Back in March, Rapid City Journal columnist Janette McIntyre tried to defend HB 1234, Governor Daugaard's education reform package. Like most defenders of HB 1234, she failed, having to resort to inaccurate statements and ad professionem attacks on teachers and bogeyman scare tactics about lawyers and unions.

Janette McIntyre has since realized that defending HB 1234 is hopeless. After just a couple weeks of feedback from readers who disagreed with her, McIntyre declared fatwa on HB 1234:

Have you ever felt liberated when you said you were wrong and really meant it?

Well, I was wrong. The education establishment and everyone else should want the governor's education bill killed one way or another [Janette McIntyre, "Ask Why Superintendents Against Referendum," Rapid City Journal, 2012.04.11].

Somewhat hilariously, McIntyre claims that the real reason she came to Jesus on HB 1234 is that she heard superintendents opposing the referendum for fear that it might hinder their ability to pass the sales-tax initiative and get more funding for the schools. McIntyre may hate teachers, but she hates taxes worse, so the enemy of her enemy becomes her friend. Congratulations, Superintendent Graves! By flacking for the Governor's plan, you helped convince someone else to oppose it!

McIntyre straightens her views out more in her April 25 column, wherein she calls Governor Daugaard's plan the wrong approach:

Gov. Dennis Daugaard's latest attempt with serious arm twisting pitted good teachers against good teachers. I defended his stand originally to give teachers a raise thinking at least a few of them would be making more money. It was the wrong approach [Janette McIntyre, "Merging School Districts an Answer," Rapid City Journal, 2012.04.25].

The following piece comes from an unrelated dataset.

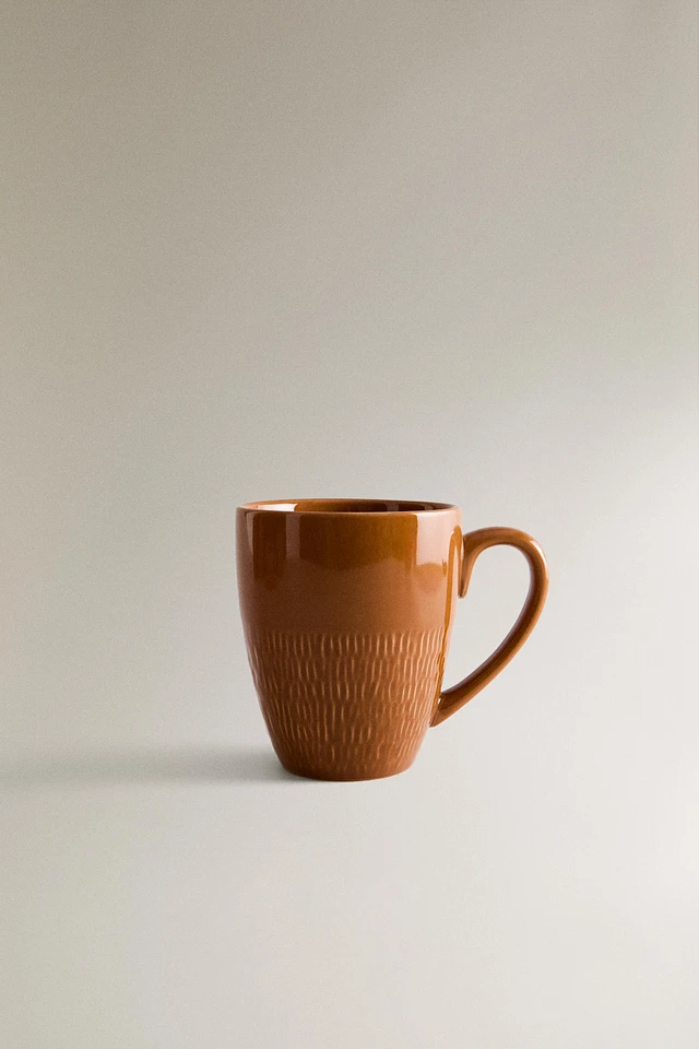 STONEWARE MUG WITH RAISED BORDER DESIGN

McIntyre reverses her April 11 contention that South Dakota's K-12 schools are broken. She now admits that there isn't really a major problem requiring HB 1234's ministrations:

First, teachers are doing an excellent job teaching the children in South Dakota. The statistics prove it. It does not matter if it is the comparison on ACT tests or testing at lower grades. Our students come out above the national average.

That isn't happening because we have clean air and purified water running down Rapid Creek, it's the dedication of the teachers [McIntyre 2012.04.25].

McIntyre acknowledges that there are underperformers in every profession, but that principals and parents already have the ability to weed out the underperforming teachers. The real problem, says McIntyre, is paying all of South Dakota's dedicated teachers a competitive wage:

The problem is that under the current system — and by system I mean the unnecessary bureaucracy we have created — [teachers] are not even close to parity with their counterparts in adjoining states. That should embarrass all of us.

Those of us, and I admit I have had the same thoughts, too, who think that they only work nine months of the year, well, so do the teachers in other states. Frankly, most of us couldn't do their job, nor do we want it [McIntyre 2012.04.25].

That statement is a dramatic shift from McIntyre's April 5 statement that "Teachers are paid fairly, statewide and regionally."

McIntyre now contends that we should save money and raise pay for all teachers by consolidating school districts. I've heard calls for administrative consolidation from a number of petition signers. Consolidation has pros and cons; in some sparsely populated districts, it's unworkable.

HB 1234 has done all the work it should. It has inspired a lot of thought and conversation about what's really happening in our public schools. It has inspired people like McIntyre to get past teacher-bashing and easy rhetoric and look instead for real solutions. Now let's do what McIntyre says: kill HB 1234 and come back to the 2013 Legislative session with just and effective education policies.